Table 5 shows the performance evaluations of the classifiers, the Decision tree classifier performs better and achieves higher precision score after the use of K-means clustering method as compared to the use of Decision tree only for classification or Bayesian network approach.
DISCUSSION OF RESULTS
The significant increase in the classification accuracy result shows that our approach using K-means clustering and Decision tree achieved the aim of the study to improve dialogue act classification to classify a user utterance into response class. The Decision tree correctly classified the user utterance with higher percent recognition accuracy than the baseline approaches.

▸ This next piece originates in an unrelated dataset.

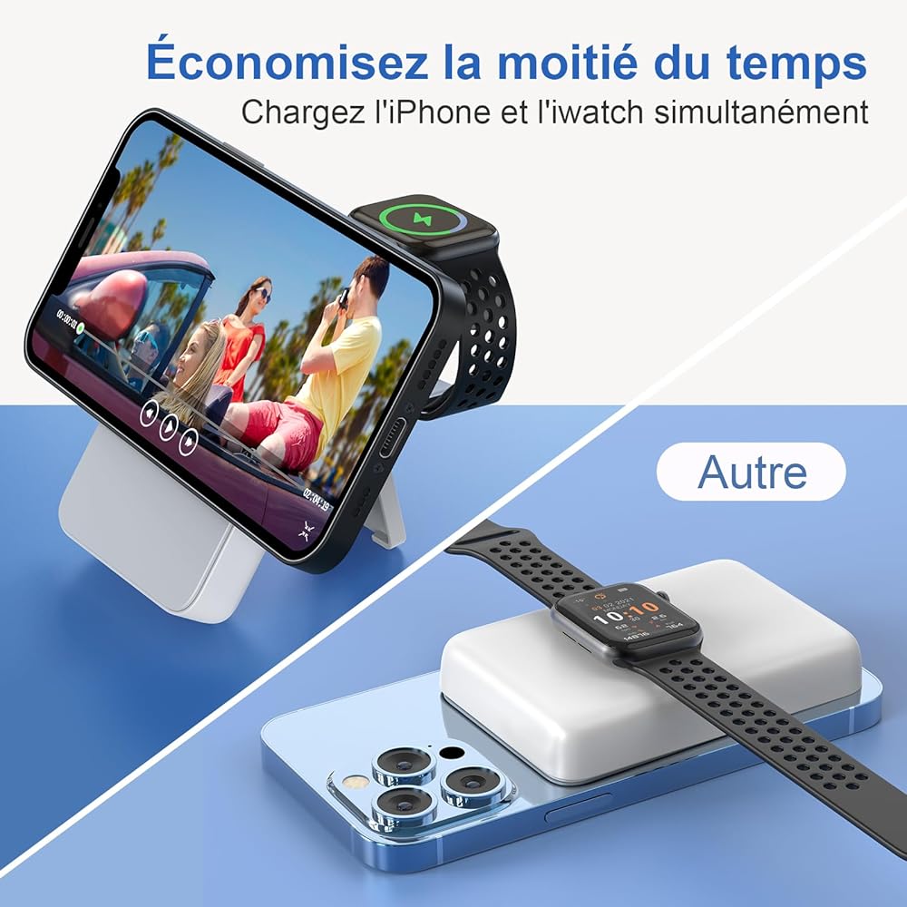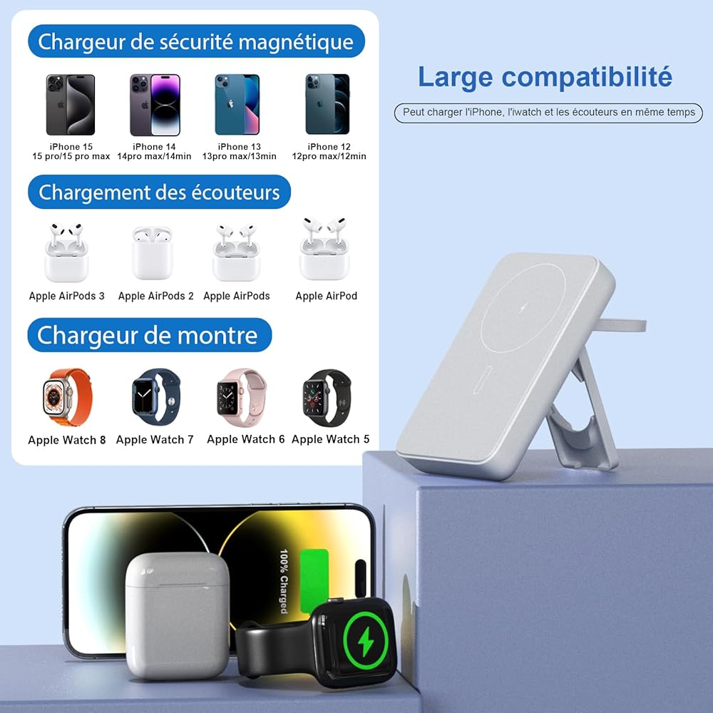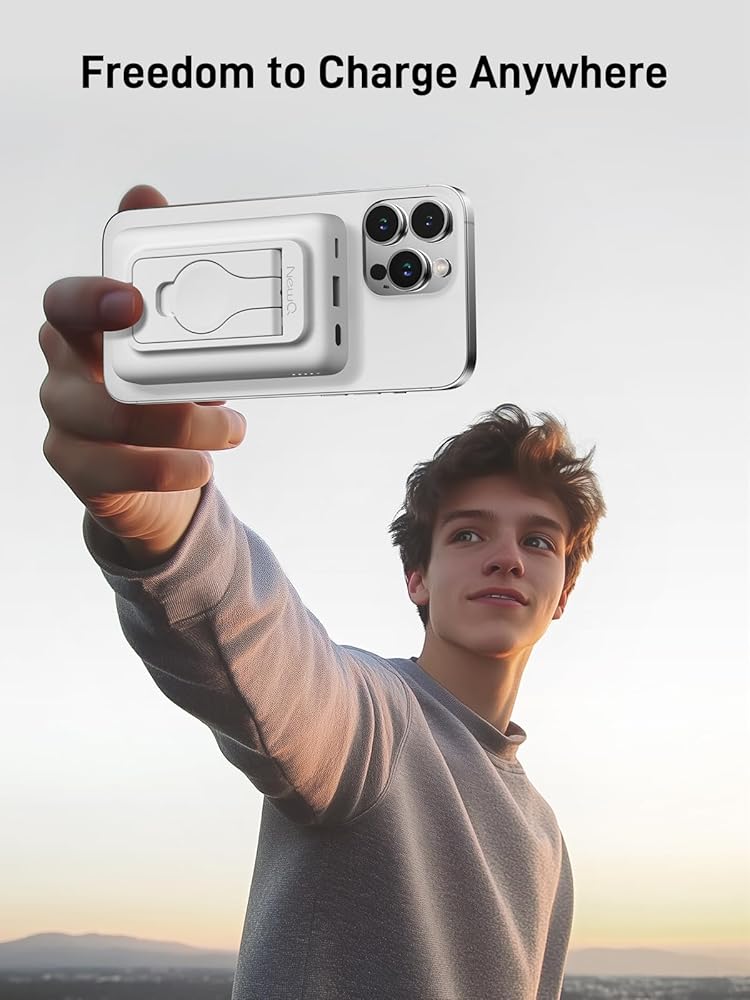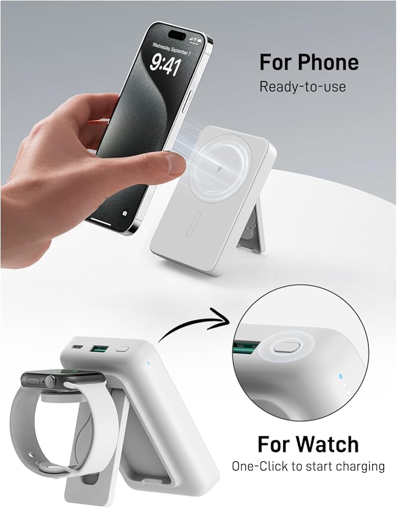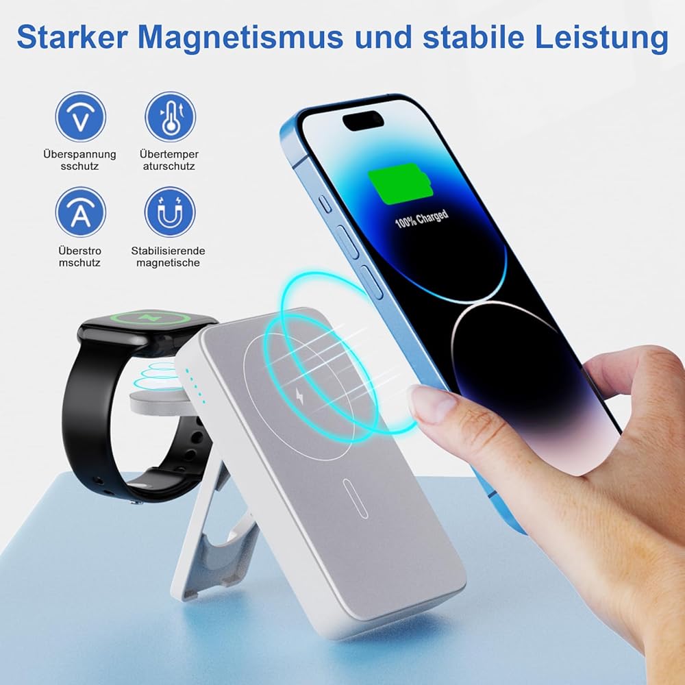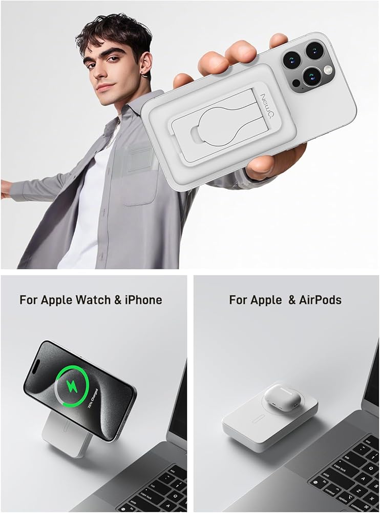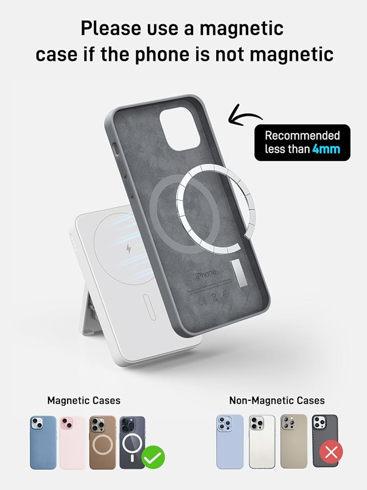 【بنك طاقة محمول لاسلكي مغناطيسي】: حزمة البطارية المغناطيسية مناسبة لجميع سلسلة iPhone 15/14/13/12، ضعها على هاتفك وسيتم شحنها. كحامل هاتف لرفع بنك الطاقة اللاسلكي لأعلى، مما يسمح لك بمشاهدة الأفلام بسهولة من أي زاوية، يمكن حمل بنك الطاقة المحمول في رحلات العمل أو السفر أو الطائرات (فقط للهاتف أو الحافظة المغناطيسية).

The result shows significant increase from previous study due to the reduction of irrelevant and incorrect response classes. This is being achieved by re-tagging response classes using K-means clustering method, thus the performance of the Decision tree classifier perform firmness on the classification task and correctly classified the user utterance into response class. On the contrary, the previous work such as using Decision tree or Bayesian networks was concerned on the classification task, so the irrelevant and incorrect tagged of response classes represented in the corpus resulted in incorrectly and low accuracy result in the classification task.
CONCLUSIONS
This study focused on classification of response utterances into response classes. The experiment showed that the Decision tree performance improved as classifier after using the K-means clustering approach in data pre-processing stage for classification task, where the classifier performances achieved the best accuracy of 97.5%. The second component in classification and ranking architecture is a ranker that scores the response utterances in a particular response class; we need to investigate the performance of Decision tree to do the ranking of response classes.